RECORDS: Begin
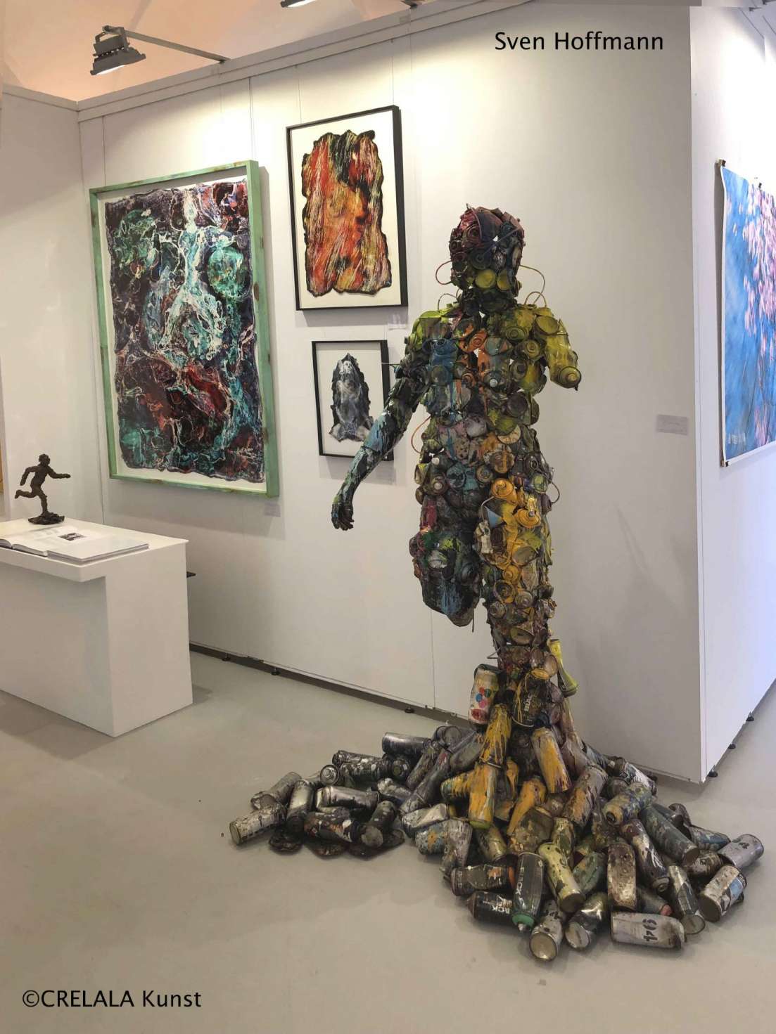 Die Kunst der Mauerreste, die in Streetartmanier von Sprayern mit Graffity zum Kunstwerk erhoben wurden, erweitert Sven Hoffmann über den Standort hinaus um die übrig gebliebenen, leeren Spraydosen der Kunstwerke, mit denen er einen mobilen, dynamischen Dosen-Mensch erschafft. Eine etwas andere Art des Recyclings, wenn gleich auch eine geniale, die fasziniert.
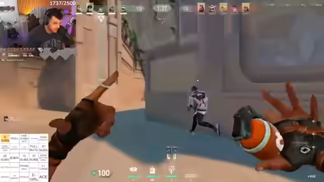 01:00:55Im weiteren Verlauf des Valorant-Spiels wird der Fokus auf taktische Fehler und gescheiterte Pläne gelegt. Der Streamer und sein Team haben Probleme mit der Geldverwaltung und der Positionsierung, was zu schnellen Rundenverlusten führt. Die Kommunikation ist von Unzufriedenheit und Vorwürfen geprägt. Der Streamer kritisiert die Entscheidungen seiner Mitspieler scharf, während er versucht, durch Aktionen wie einen Ultraschallangriff das Spiel zu drehen, aber letztlich scheitert und seine Frust über die mangelnde Teamleistung zum Ausdruck bringt.
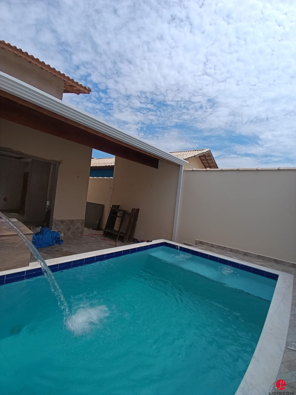 uma linda área gourmet com churrasqueira e uma belíssima piscina com 02 bicos de hidromassagem e
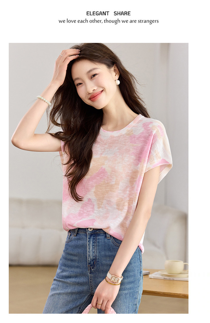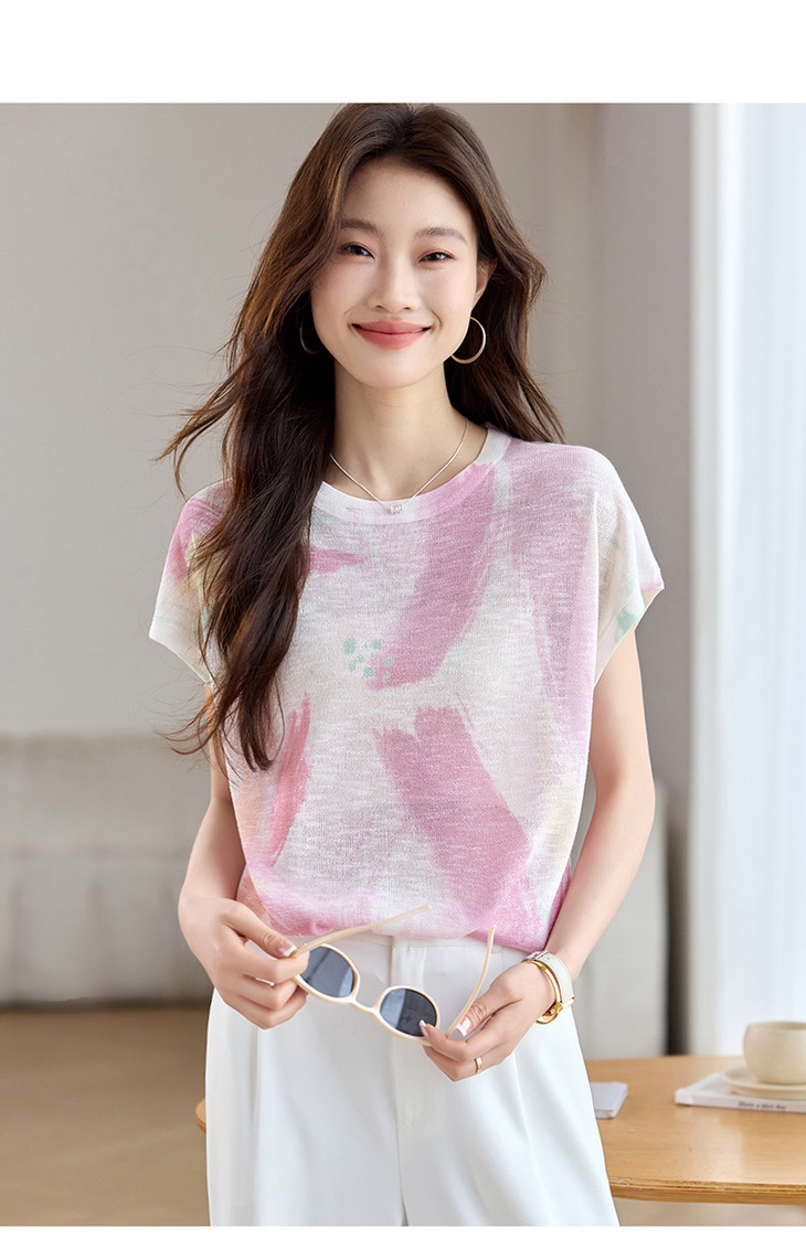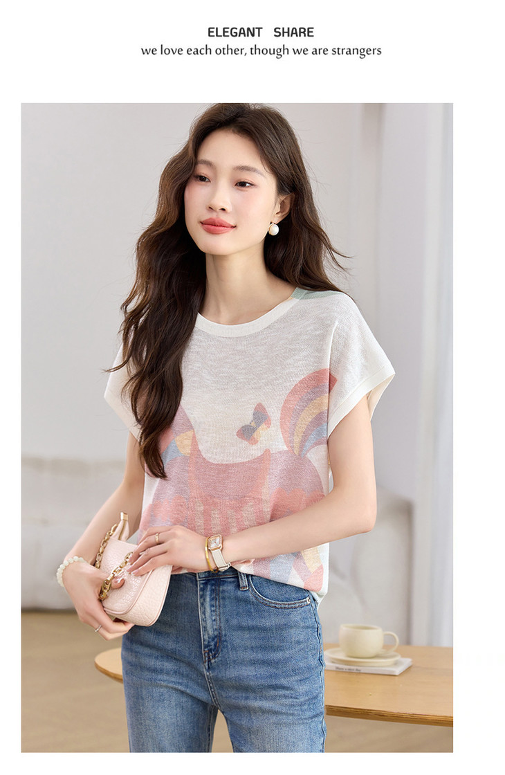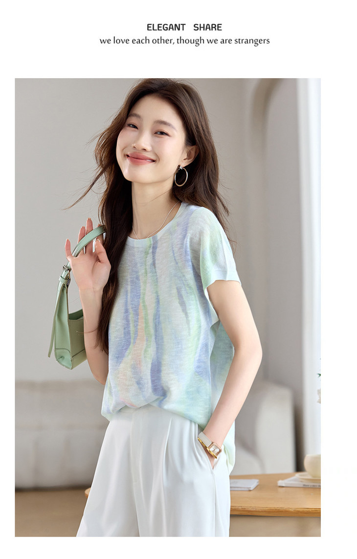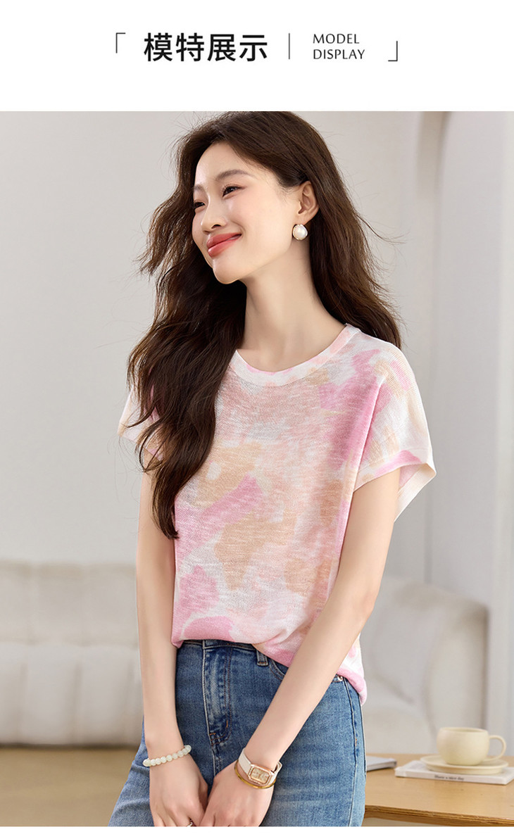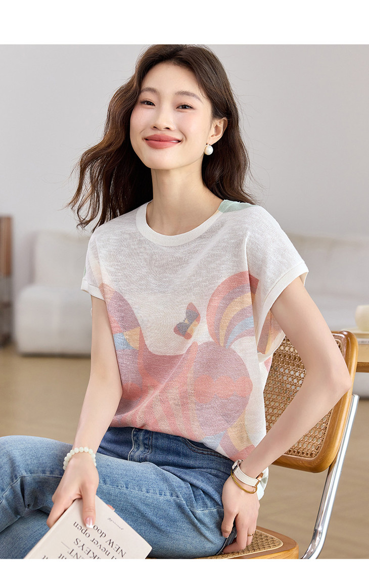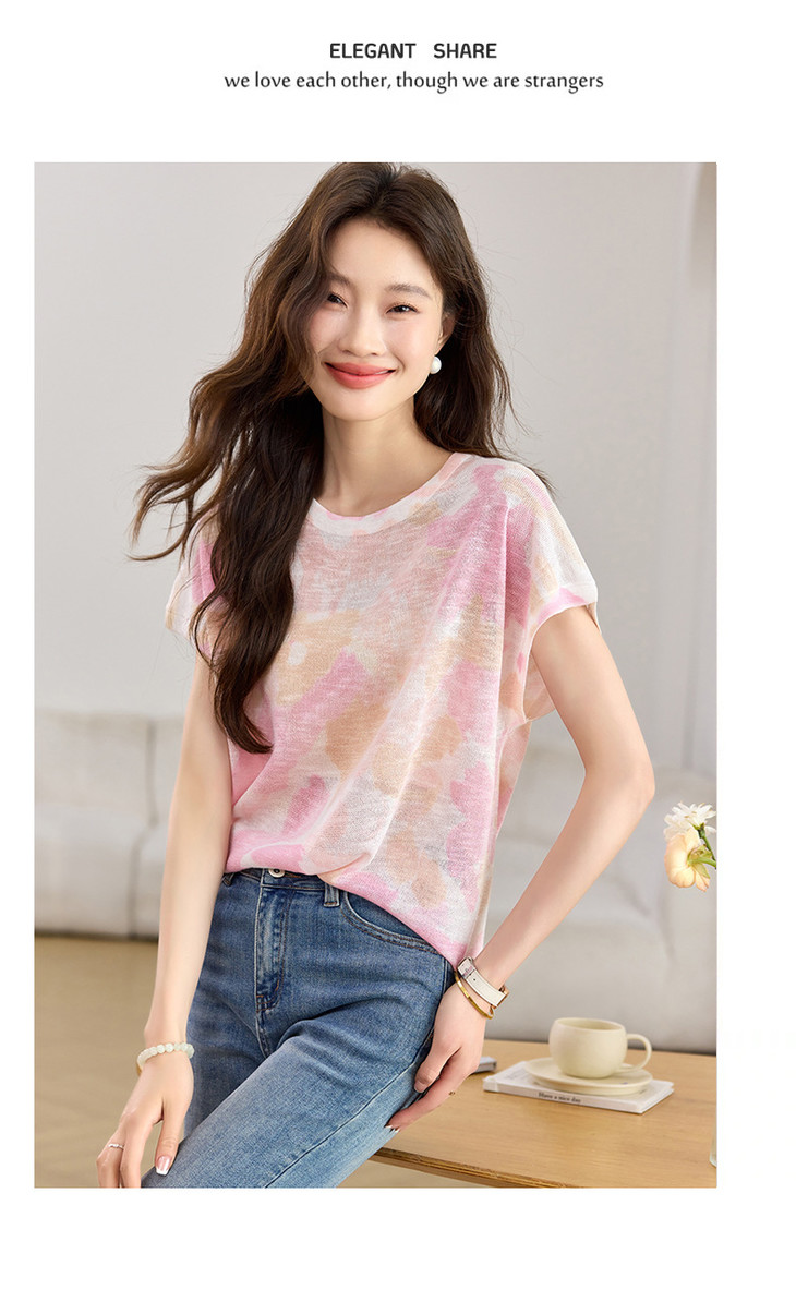 女遮肚子显瘦圆领休闲印花冰丝针织衫CC2767
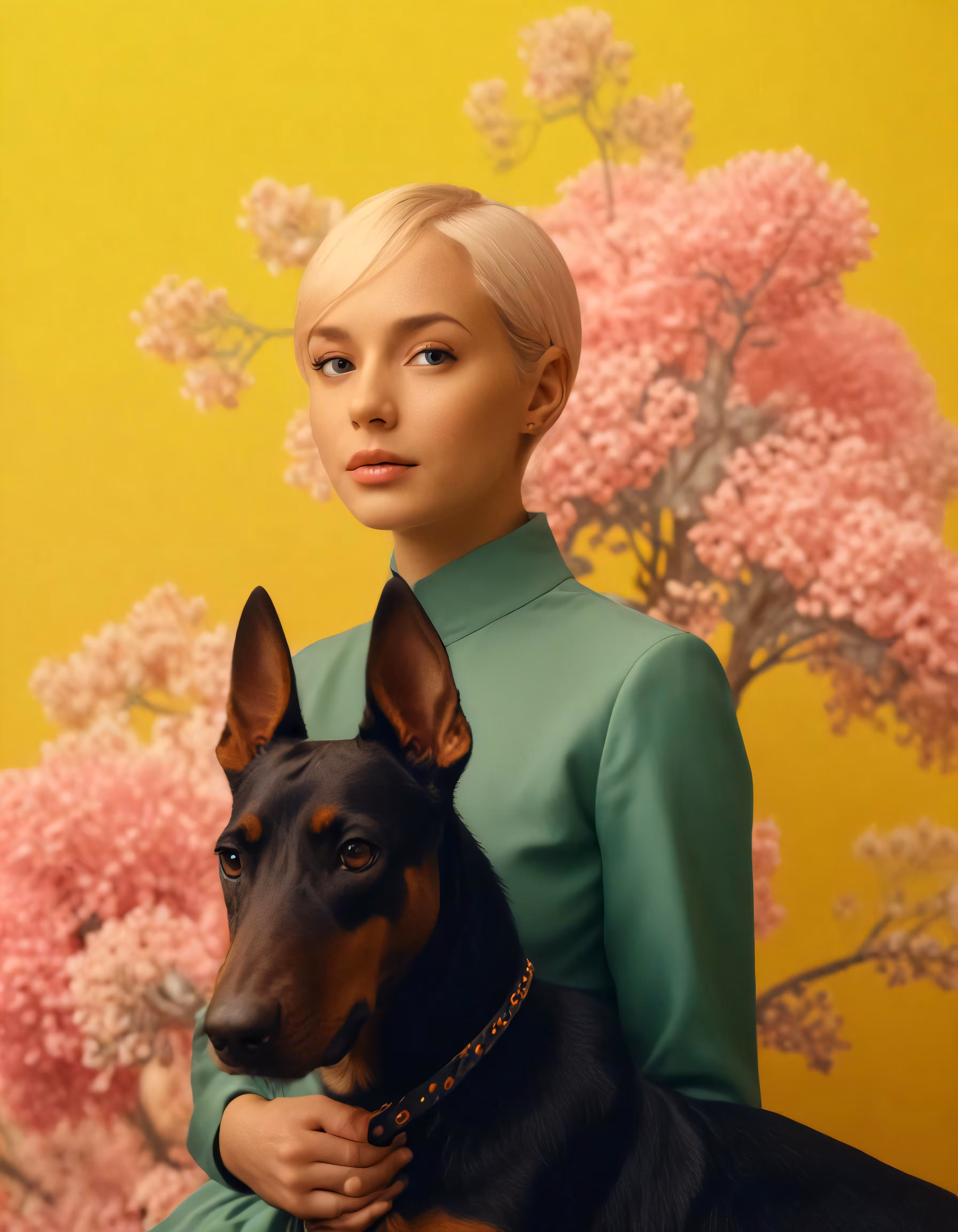 High resolution picture, free to use, a woman in green with a black and brown dog
RECORDS: End
In the answer, the lines from the one containing "女遮肚子显瘦圆领休闲印花冰丝针织衫CC2767" to the end of the records above must be written out exactly, both ends included; the pictures must not appear.

### TASK RESPONSE
 女遮肚子显瘦圆领休闲印花冰丝针织衫CC2767
 High resolution picture, free to use, a woman in green with a black and brown dog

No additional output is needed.